Heute beschränkt sich der verbleibende Anteil der Marktbesucher hauptsächlich auf Zigaretten, Benzin und möglicherweise etwas zu essen. Ich glaube, dass die meisten Menschen heutzutage eher polnische Bau- und Supermärkte besuchen. Nach unserem ersten kurzen Stopp hinter der Grenze und einem kleinen Frühstück ging es weiter ins Landesinnere. Nach etwa 4 Stunden erreichten wir schließlich Breslau. Als Unterkunft hatten wir eine Airbnb-Wohnung mit 5 Zimmern. Sie war zweckmäßig, gepflegt und hatte einen direkten Blick auf das Zentrum. Die perfekte Lage für eine Unterkunft.

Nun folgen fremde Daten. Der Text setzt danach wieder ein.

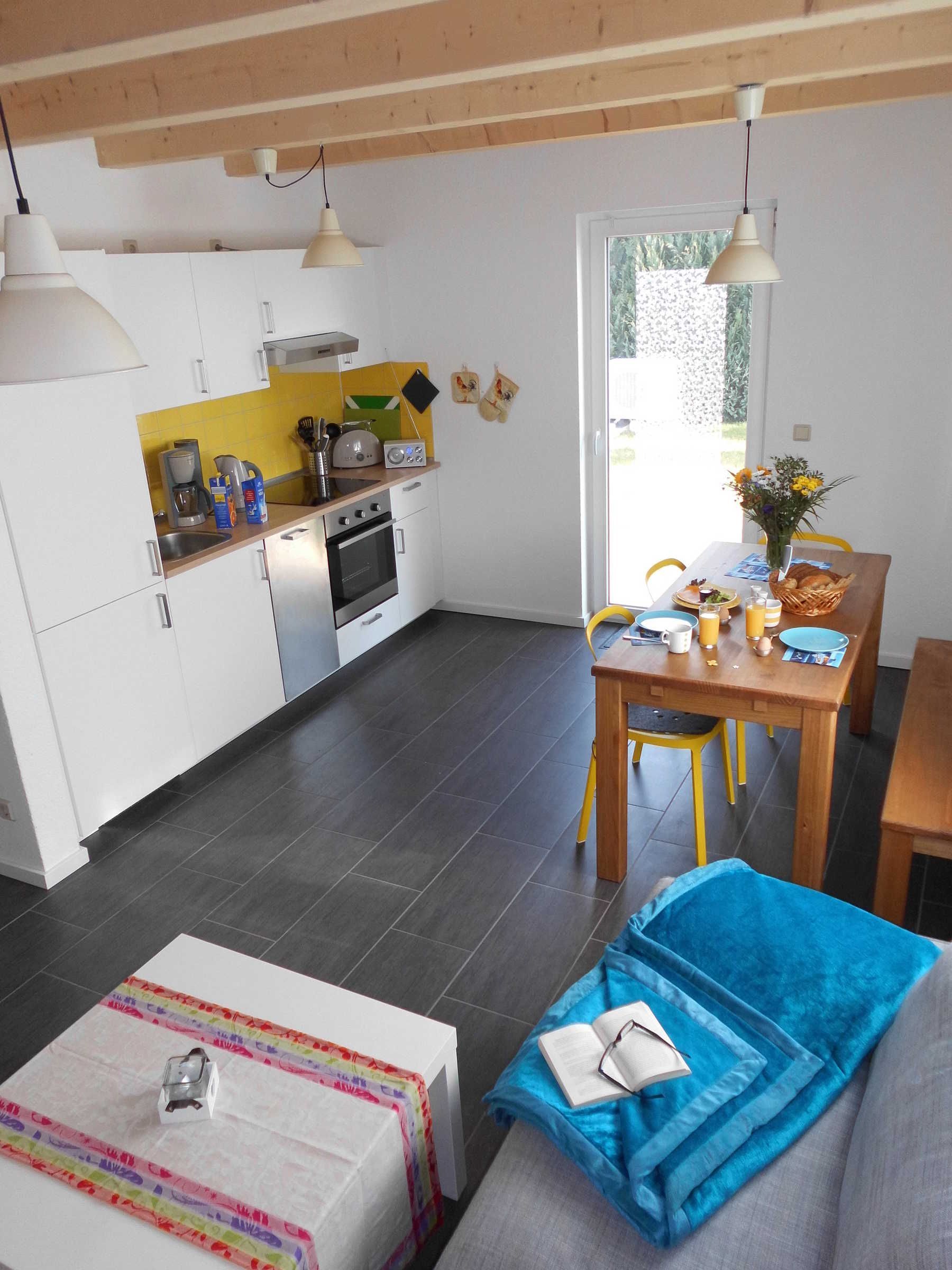 Haus Sonne verfügt über eine komplett ausgestattete Einbauküche mit Kühl- bzw. Gefrierschrank, Geschirrspülmaschine sowie Herd mit Ceran-Kochfeld inkl. Backofen. Weiterhin stehen u.a. ein Wasserkocher, ein Toaster, ein Eierkocher, eine Kaffeemaschine und ein Radio zur Verfügung.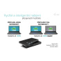 - Široká konektivita: USB-C a USB-A porty (až 5 Gb/s), audio jack, LED indikátory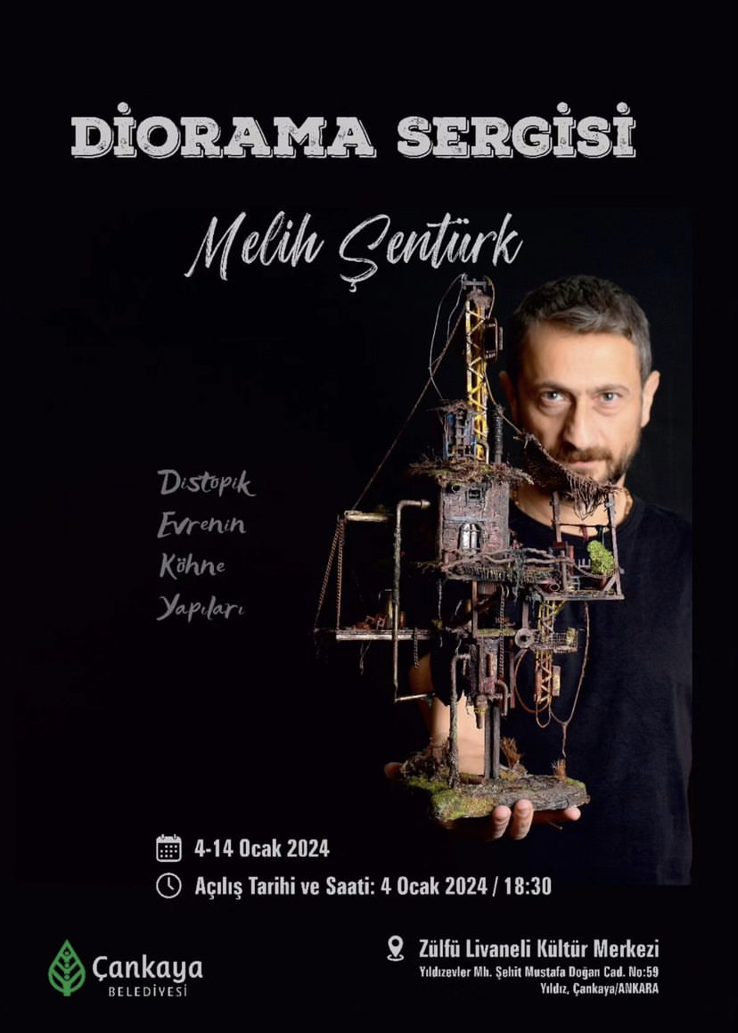 Çankaya Belediyesi Zülfü Livaneli Kültür Merkezi, Zonguldaklı Sanatçı Melih Şentürk’ün eserlerinden oluşan diorama sergisine ev sahipliği yapmaya hazırlanıyor.Çankaya Belediyesi Zülfü Livaneli Kültür Merkezi, Diorama Sanatçısı Melih Şentürk’ün Diorama sergisine 4-14 Ocak 2024 tarihleri arasında ev sahipliği yapacak. Sergi açılışı 4 Ocak Perşembe günü saat:18.30’da.Diorama Sanatçısı Melih Şentürk, distopik evrenin köhne yapılarını eserlerine yansıttığından söz ederek şunları aktardı: "Gelecek yüz yıllar içerisinde oluşmuş distopik bir evrenin köhne yapılarını diorama sanatı ile birleştirmeye çalışıyorum. Bunlar; insanoğlunun doğanın dengesini bozacak kadar ona zarar vermesi hatta sömürmesi sonucu ortaya çıkan belki yıkımlar, belki salgın hastalıklar nedeni ile çok az sayıda hayatta kalabilmeyi başarmış bir grup insanın yaşamını sürdürebilmesi için çevresindeki her türlü imkanları, hurdaları kullanarak inşa ettikleri barınaklar diyebiliriz.Aslında kötü gibi görünen bu dünya bana göre bambaşka yeni güzel bir başlangıç. Hayatta kalan insanların uyanışı, bir tek küçük ağacın bile ne kadar kıymetli olduğunu, bir bardak temiz suyun nasıl değerli olduğunu, karnını doyurabilmenin daha önce ne kadar sıradan fakat şimdi bir tane meyvenin bile bir madenden daha değerli olduğunu anladığı, uyanışla dolu bir dünyayı anlatmaya çalışıyorum."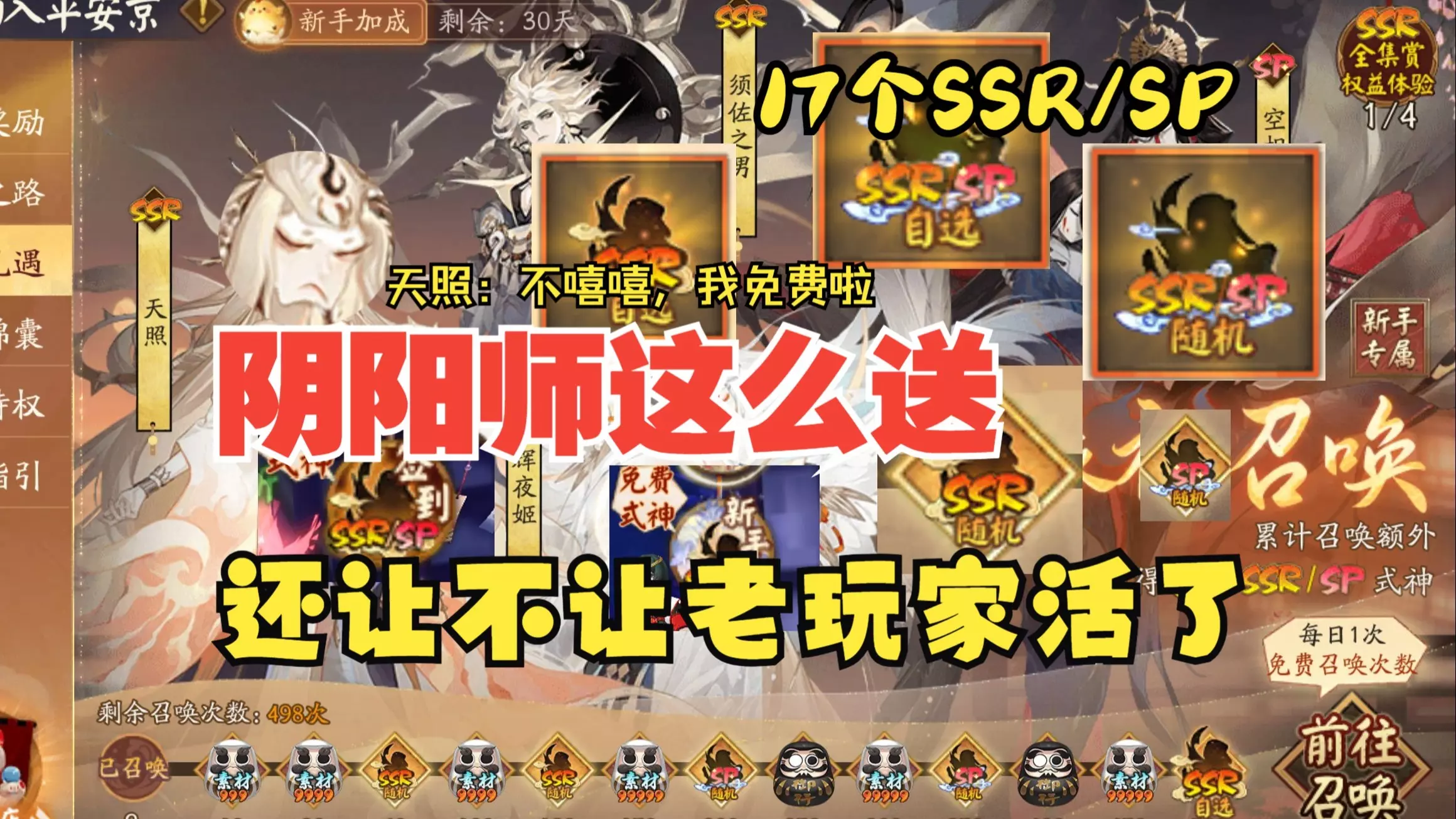 阴阳师九周年新区福利更新后具体能拿到哪些奖励,6个自选式神加10个随机式神,这老区是一刻也呆不下去了,谁加萌新可以入坑可以这么爽啊,谁还累死累活拼因幡啊,这游戏…

Wir warfen nur noch das Auto ab und machten bereits die erste wirklich positive Erfahrung. Natürlich mussten wir Parkgebühren bezahlen, jedoch waren diese im Vergleich zu Berlin lächerlich. Bei einem Umrechnungskurs von 1 Zloty zu 0,22€ kostete das Parken etwa 1€ pro Stunde. In Berlin zahle ich mindestens 3€, und das gilt in den meisten Zonen bis 24 Uhr. Wir stellten das Auto ab, brachten unsere Sachen auf die Zimmer und machten uns auf ins Zentrum. Und hier kam die nächste Überraschung: Die Stadt (insbesondere rund um das Zentrum) war wunderschön und sauber. So sauber, dass ich niemals auch nur daran gedacht hätte, meine Zigarette leichtfertig irgendwo hinzuwerfen. Die ganze Stadt wirkte den ganzen Tag und Abend über absolut entspannt. Und gegen Abend erwischte ich mich dabei, dass ich mir durchaus vorstellen könnte, Berlin für einige Monate den Rücken zu kehren und in dieser Zeit hier zu leben. Natürlich war auch hier am Abend das Partyvolk unterwegs, und sicherlich habe ich auch die ein oder andere Männergruppe gesehen, die hier ihren Junggesellenabschied verbracht hat.
Aber im direkten Vergleich zu Prag hatte ich niemals das Gefühl, dass es ähnlich aggressiv oder hektisch wirkte. Und natürlich ist es auch preislich sehr attraktiv hier. Selbst in den Clubs und Restaurants kann man sehr gut essen und trinken, und das sogar im Zentrum zu einem erschwinglichen Preis. Ein Bier in den Clubs kostet etwa 2,40€, und für das umfangreiche Frühstück habe ich insgesamt knapp 18€ bezahlt. Ein vollwertiges typisch polnisches Gericht haben wir für etwa 5,50€ bekommen.
Abschließend muss ich erwähnen, dass dieser eine Tag mich so überrascht hat, dass ich auf jeden Fall wiederkommen werde. Und da die Fahrtzeit ähnlich lang ist wie die nach Prag, werde ich Breslau wohl immer den Vorrang geben. Übrigens wird ab Juni auch die Kulturbahn vom Bahnhof Lichtenberg wieder reaktiviert. Dann kann man das Zentrum von Breslau in 4,5 Stunden direkt erreichen!